** Opening COLLECTED DATA block **

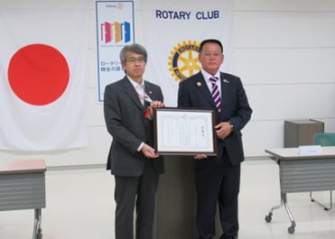 皆様、本日は、桜区区役所会議室をお借りして 742 例会をさせて頂く事になりました。 桜区区長・池田智二様、副区長・関口清規様、総務課課長 三好明美様、プラザウエスト館長 相 原直美様、サイデン化学アリーナ館長・榎本道子様、お忙しい中、時間を作って頂き、有難う御座います。当クラブの過去の活動に、中央区区役所にバラ花壇・ベンチ寄贈・区民祭りに参加、当クラブと福島県人会とコラボし、東北復興支援を行いました。コロナで桜区区民祭りが中止になり、 桜区で実行したかったです。当クラブは、桜区住人が、十数人居ります。本日お陰様で開催出来る ことになりました。参加皆様のお蔭です。
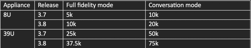 The release 3.8 software has optimized the appliances performance and supporting 50-100% greater number of workloads on same hardware. This means the existing customers with M5 appliances now can support almost double the number of workloads in the existing investment of their appliances. The TCO (Total Cost of Ownership) for existing customers reduces with the new workload capacity numbers. The new and old numbers of supported workloads are as below.
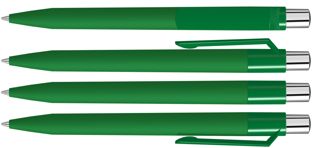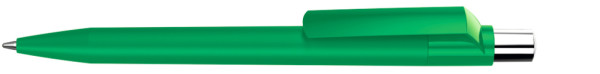 Druckkugelschreiber mit Softtouch-Schaft, gedeckt glänzendem Clip, silber glänzendem Drücker und farbigem Stopfen.
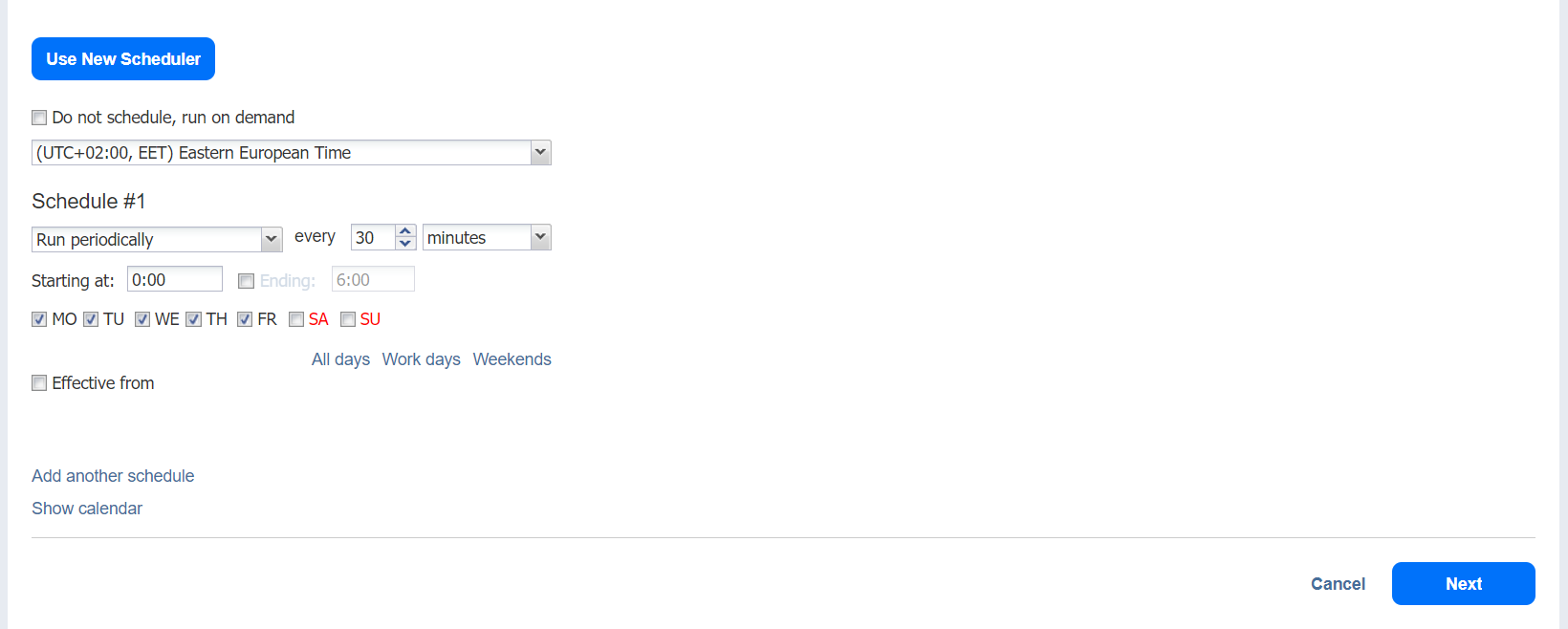 • Effective from: If selected, the schedule will come into effect on the date picked.

** Closing COLLECTED DATA block **

» WHAT YOU SHOULD DO: Could you transcribe all of the data exactly, keeping every picture out of the copy?

» SOLUTION TO THE EXERCISE:
 皆様、本日は、桜区区役所会議室をお借りして 742 例会をさせて頂く事になりました。 桜区区長・池田智二様、副区長・関口清規様、総務課課長 三好明美様、プラザウエスト館長 相 原直美様、サイデン化学アリーナ館長・榎本道子様、お忙しい中、時間を作って頂き、有難う御座います。当クラブの過去の活動に、中央区区役所にバラ花壇・ベンチ寄贈・区民祭りに参加、当クラブと福島県人会とコラボし、東北復興支援を行いました。コロナで桜区区民祭りが中止になり、 桜区で実行したかったです。当クラブは、桜区住人が、十数人居ります。本日お陰様で開催出来る ことになりました。参加皆様のお蔭です。
 The release 3.8 software has optimized the appliances performance and supporting 50-100% greater number of workloads on same hardware. This means the existing customers with M5 appliances now can support almost double the number of workloads in the existing investment of their appliances. The TCO (Total Cost of Ownership) for existing customers reduces with the new workload capacity numbers. The new and old numbers of supported workloads are as below.
 Druckkugelschreiber mit Softtouch-Schaft, gedeckt glänzendem Clip, silber glänzendem Drücker und farbigem Stopfen.
 • Effective from: If selected, the schedule will come into effect on the date picked.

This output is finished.